J&J Seeks FDA Approval of IMAAVY® as First Treatment for wAIHA

Johnson & Johnson recently submitted a supplemental Biologics License Application (sBLA) to the FDA for IMAAVY® (nipocalimab-aahu) to treat warm autoimmune hemolytic anemia (wAIHA), a rare disease with no approved therapies.

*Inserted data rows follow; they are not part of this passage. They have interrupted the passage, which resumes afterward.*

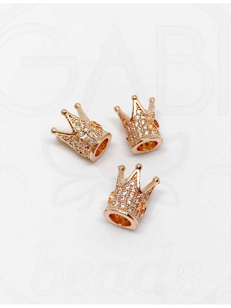 Nerūdijančio plieno intarpas karūna su cirkonio akutėmis, Rose gold spalvos, 12x10mm, 1vnt
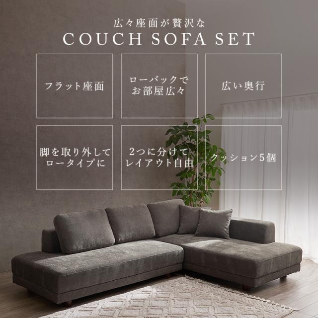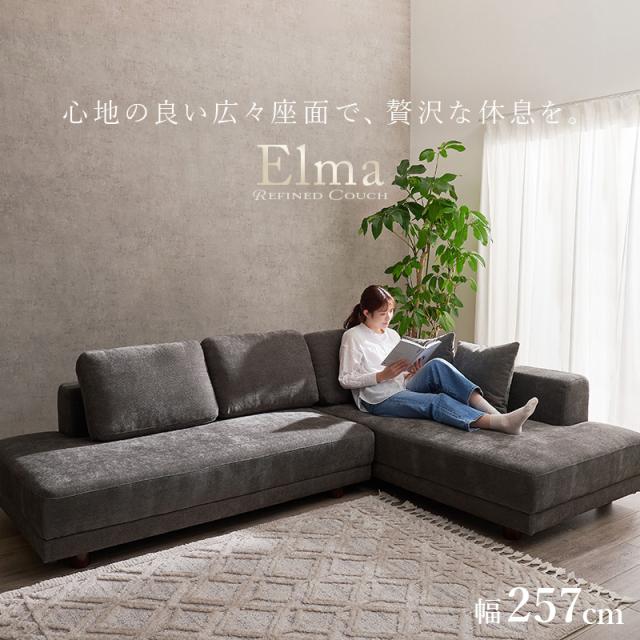 開梱設置付き ソファ ソファー カウチソファ 3人掛け L字 おしゃれ 4人掛け ローソファー 肘なし ごろ寝ソファー コーナー カウチ 北欧 エルマ フロア アームレス ファブリック 硬め モダン 白 ホワイト
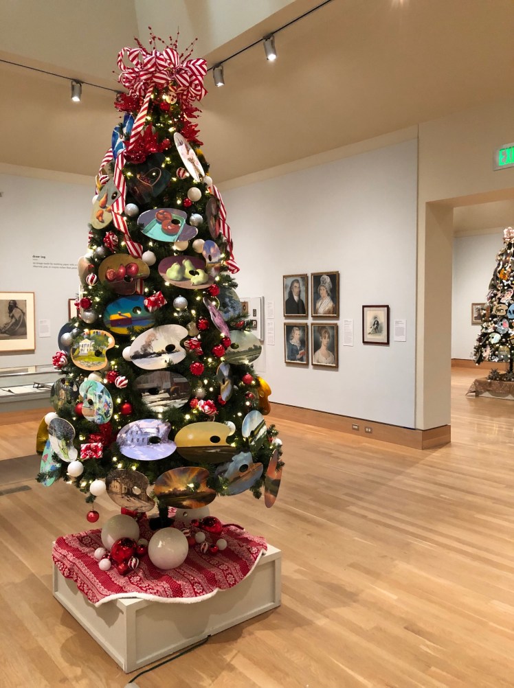 For the past fifteen years, visitors to the Florence Griswold Museum in Old Lyme, Conn., have admired the painted palettes by contemporary artists hung on Miss Florence’s Artist Trees. Alluding to the Lyme Art Colony artists’ tradition of painting on the Griswold house wall and door panels, the nearly 200 palettes by today’s artists fill three fantasy trees as the centerpiece of the museum’s Magic of Christmas celebration.
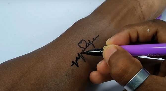 - Обезжирить кожу и точными движениями нарисовать выбранное изображение.
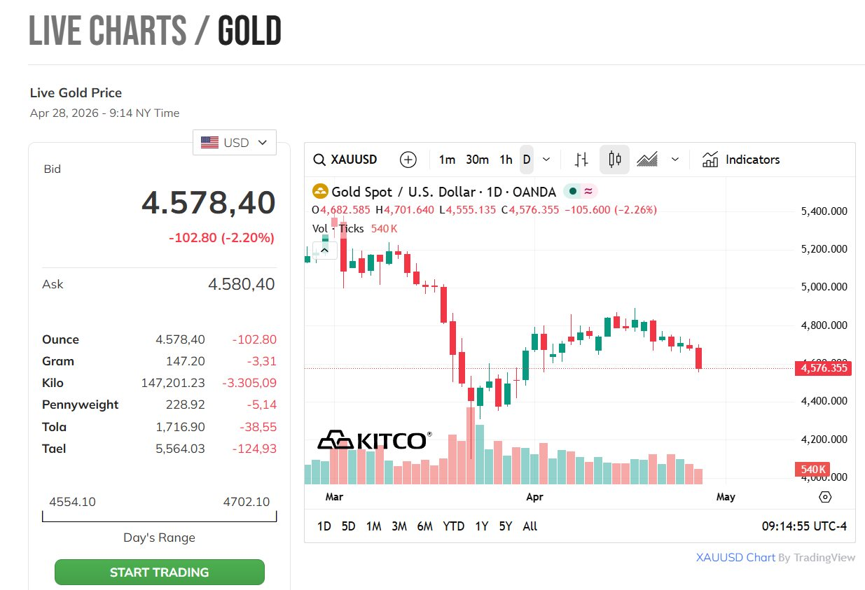 Trên thị trường quốc tế, giá vàng giao ngay ghi nhận tối ngày 28/4 giảm hơn 2% xuống còn 4.585 USD/ounce. Trước đó, giá vàng đã giảm gần 0,6% trong phiên hôm qua (27/4) và giảm 2,5% trong tuần trước.
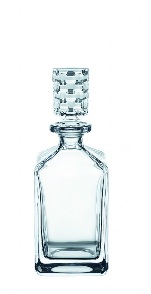 Bossa Nova-pakken - 2 krystallglass og en whiskykaraffel. Utsøkt whiskykaraffel i svært klar krystall fra tyske Nachtmann. Bossa Nova-serien er kontrastrik, men likevel homogen serie inspirert av den brasilianske musikksjangeren. Whisky-karaffelen har klare linjer og en mønstret og elegant glasskork. De to glassene har klare rette linjer og er dekket av det delikate mønsteret på utsiden. Et sett med glass og karaffel som løfter presentasjonen av en eksklusiv whisky, konjakk eller annet destillat.
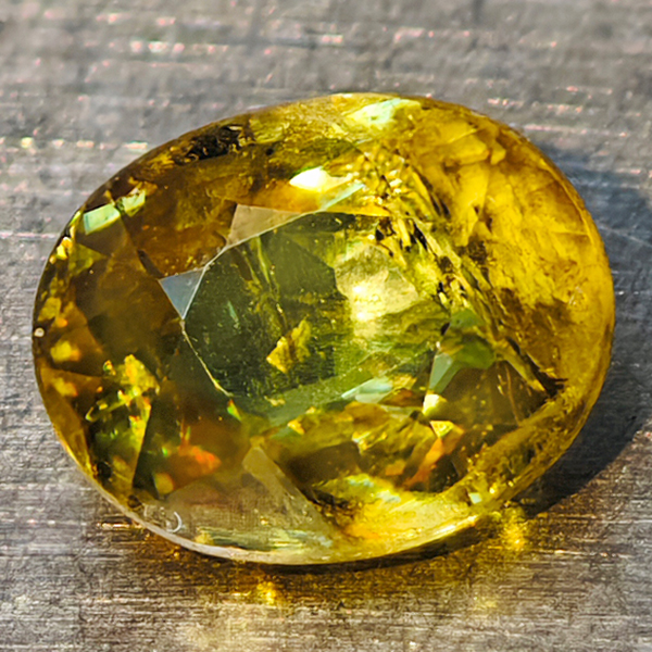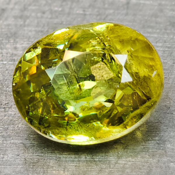 Natural Sphene Intense Yellow Green Titanium Red Spark 0.93 Ct. Oval Shape
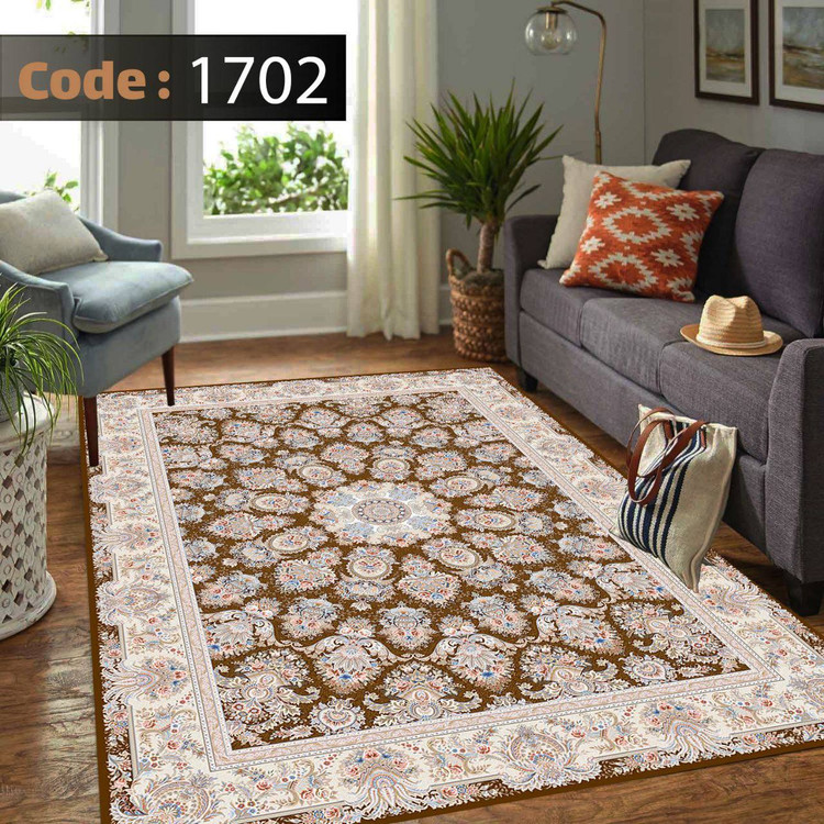 کاورفرش روفرشی دورکشدار گوشه لیفه ای کرم قهوه ای کد 1702
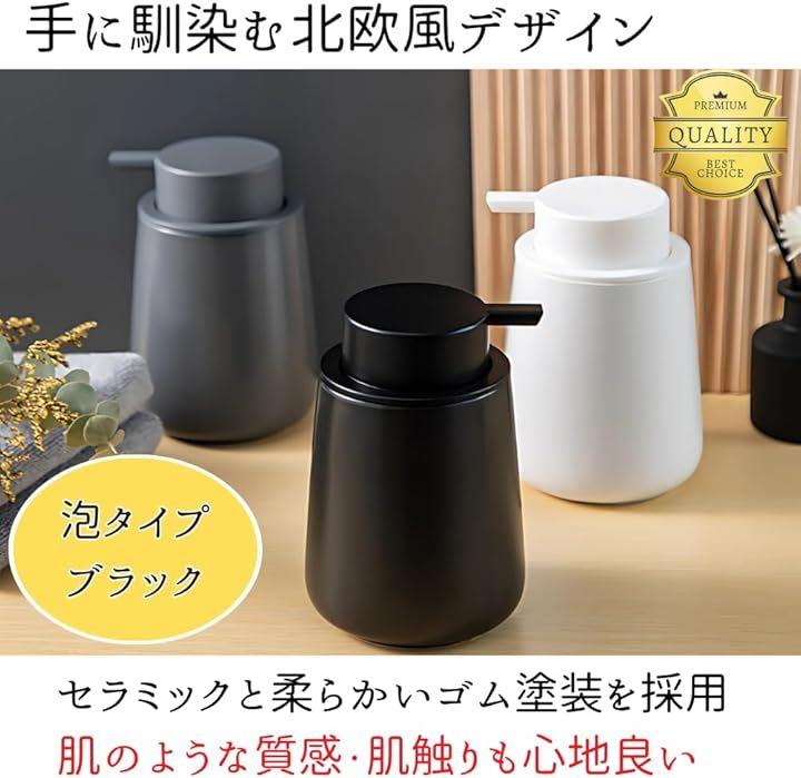 「手に馴染む使いやすい北欧風デザイン」セラミックと柔らかいゴム塗装を採用した泡タイプのハンドソープボトル。
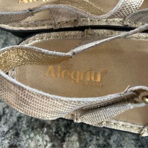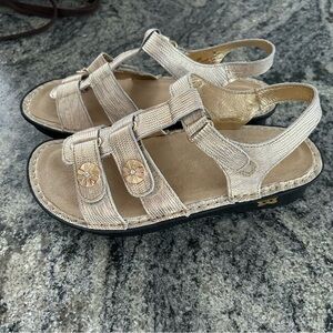 Experience ultimate comfort with Alegria's gold sandals, featuring multiple adjustable straps and a cushioned footbed for all-day wear. These stylish sandals are perfect for casual outings, offering a blend of elegance and practicality with their sturdy design and decorative stitching. New without box
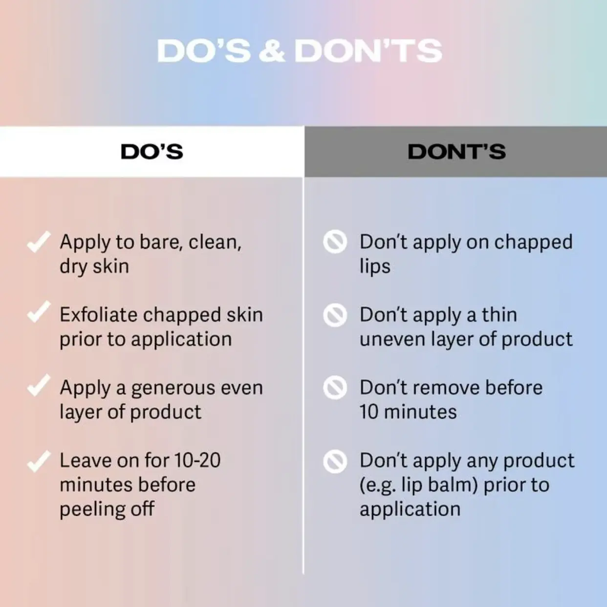 Ensure your lips are clean and free of oils before use.Close the cap tightly after use to prevent the productfrom drying out.
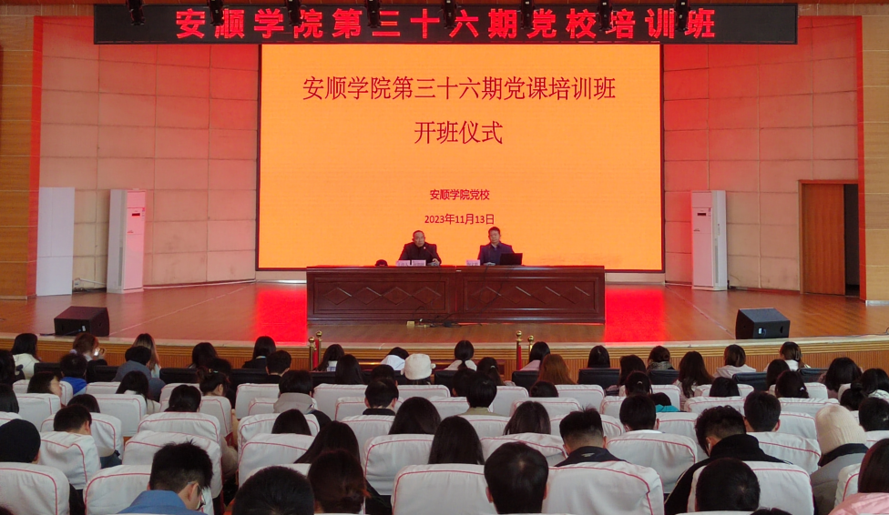 2023年11月13日,安顺学院第36期党校培训班在学术报告厅开班,安顺学院党委副书记陶文彩出席开班仪式并授课,485名入党积极分子和发展对象参加学习培训。安顺学院党委委员、党委组织部部长何朝越主持开班仪式。
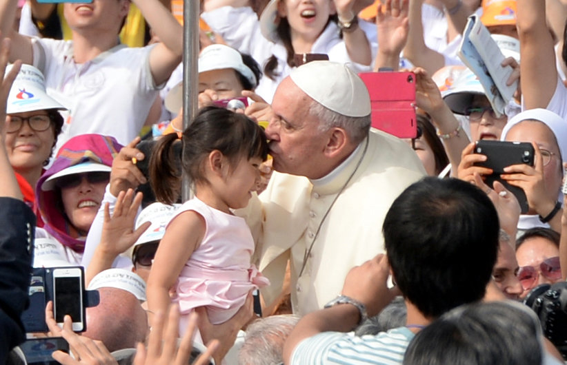 프란치스코 교황이 서울 광화문 광장에서 열린 ‘윤지충 바오로와 동료 순교자 123위 시복 미사’를 집전하기위해 오픈카를 타고 이동하며 언린이 이마에 뽀뽀를 하고 있다. (사진공동취재단) 2014.8.16/뉴스1
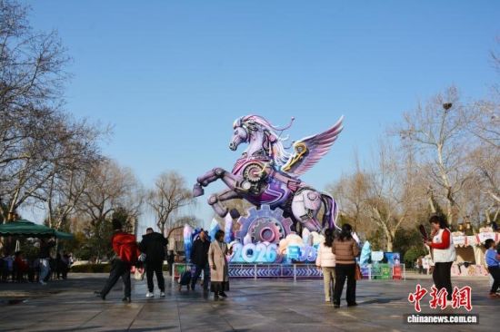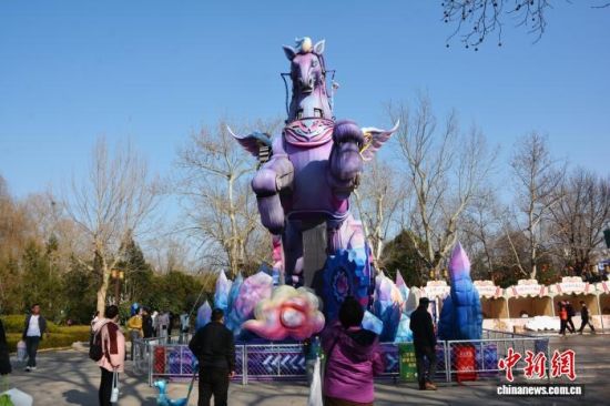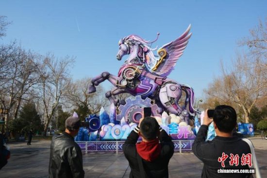 2月14日,山東濟(jì)南大明湖景區(qū),生肖馬主題大型花燈吸引了眾多游客駐足觀賞、拍照打卡。中新社記者 呂妍 攝

This milestone builds on positive Phase 2/3 ENERGY trial data, highlighting potential rapid hemoglobin improvements and fatigue reduction in affected adults.

ENERGY Trial Results

The Phase 2/3 ENERGY study (NCT04119050) was a randomized, double-blind, placebo-controlled trial in wAIHA adults. More nipocalimab-treated patients hit the primary endpoint: durable hemoglobin response (≥10 g/dL, ≥2 g/dL increase from baseline for ≥28 days without rescue therapy). Patients also showed rapid, sustained fatigue improvements via FACIT-Fatigue scores, with good tolerability matching the gMG label no new safety signals. Full results are pending for publication.

Safety Profile

IMAAVY® was well-tolerated in ENERGY, consistent with prior data. Common adverse reactions (≥10%) in gMG trials included respiratory tract infections, peripheral edema, and muscle spasms. For full details on warnings (e.g., infections, hypersensitivity, infusion reactions), precautions, and adverse reactions, see the official FDA prescribing information: IMAAVY™ Prescribing Information (PDF). Note: IMAAVY® is not approved for wAIHA yet.

Understanding wAIHA

Warm autoimmune hemolytic anemia affects about 1 in 8,000 people in the US, where IgG autoantibodies destroy red blood cells, causing anemia. Patients face severe risks, including 20-30% higher mortality, chronic fatigue, transfusion needs, and complications like thrombosis or organ failure. Current care relies on unapproved corticosteroids or immunosuppressants, leaving substantial unmet needs.​

IMAAVY® Mechanism

IMAAVY® selectively blocks the neonatal Fc receptor (FcRn), reducing harmful IgG autoantibodies while sparing key immune functions like responses to new infections. Approved since April 2025 for generalized myasthenia gravis (gMG) in AChR- or MuSK-positive patients aged 12+, it targets autoantibody-driven diseases. IMAAVY® is also being studied for systemic lupus erythematosus (SLE) in the JASMINE trial and Sjögren’s disease in the landmark DAHLIAS Phase 2 trial

Regulatory Designations

Nipocalimab has received multiple FDA and EMA designations supporting its development, including Fast Track for wAIHA (July 2019), Orphan Drug status (December 2019), and Breakthrough Therapy for related indications like HDFN and Sjögren’s disease. These recognitions underscore its potential in rare autoantibody conditions, with Priority Review granted for gMG in 2024.​

Reference

Johnson & Johnson seeks FDA approval of IMAAVY^® (nipocalimab-aahu) as the first-ever FDA-approved treatment for warm autoimmune hemolytic anemia (wAIHA), 24 February 2026, Johnson & Johnson seeks FDA approval of IMAAVY® (nipocalimab-aahu) as the first-ever FDA-approved treatment for warm autoimmune hemolytic anemia (wAIHA)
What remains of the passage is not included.